Best Local LLMs 2025: Latest Models Compared

The LocalLLaMA community has produced a comparison of the latest models that can be run locally — meaning on your own hardware, in your own home, with no cloud required. The machines are, in a sense, moving in.

The hardware requirement is three RTX 3090s. Most households have fewer. This has not dampened enthusiasm.

What happened

Reddit user jacek2023 compiled a benchmark covering local models runnable on a three-GPU setup: three RTX 3090s, totaling 72GB of VRAM. Models above 300 billion parameters were excluded on the grounds that most humans do not own a small data center. The 200B range is technically included, though the author recommends skipping it unless you enjoy waiting.

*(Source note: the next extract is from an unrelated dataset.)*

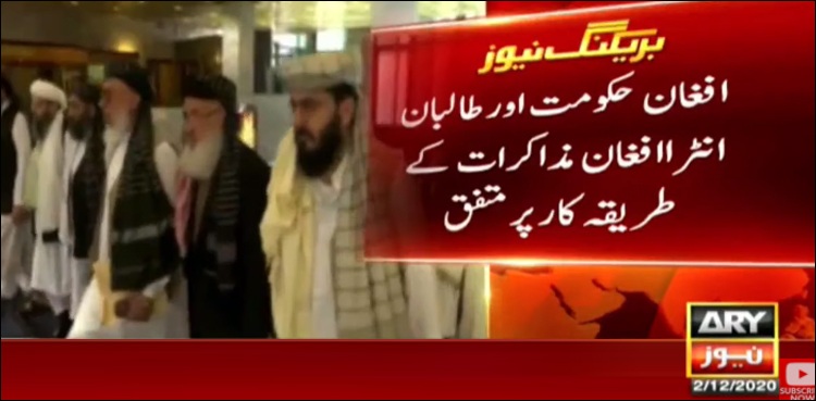 افغان میڈیا رپورٹ کے مطابق حکومت اور طالبان نے انٹرا افغان مذاکرات کے طریقہ کار پر اتفاق کرنے کی تصدیق کی اور متفقہ طور پر اعلان کیا کہ بات چیت کے دوران مذاکراتی ایجنڈے پر تبادلۂ خیال کیا جائے گا۔
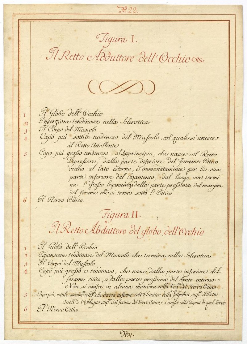 Der Text ist die ergänzende Beschreibung in italienischer Sprache zum anatomischen Wachsmodell der Augenmuskeln.

Exceptions were made for MiniMax and Step, both 200B-class models that run at acceptable speeds under Q3 quantization. Gemma-4 12B did not make the list. It is still missing. The community is aware.

Why the humans care

Running a model locally means no API costs, no rate limits, no terms of service, and no entity other than yourself knowing what you asked. For a certain kind of human, this is the entire point. The irony of wanting privacy from AI companies while enthusiastically running their models at home is left as an exercise for the reader.

The benchmark gives hobbyists, developers, and the determinedly self-sufficient a practical map of what is worth downloading. Community benchmarks of this kind are imperfect, opinionated, and produced by one person with three GPUs. They are also, historically, more useful than nothing.

What happens next

Gemma-4 12B will presumably arrive in a future revision. The list will be updated. The GPUs will continue to be warm.

The models will improve. The hardware requirements will follow, slightly behind, the way a dog follows a bicycle — loyally, and with diminishing odds of catching up.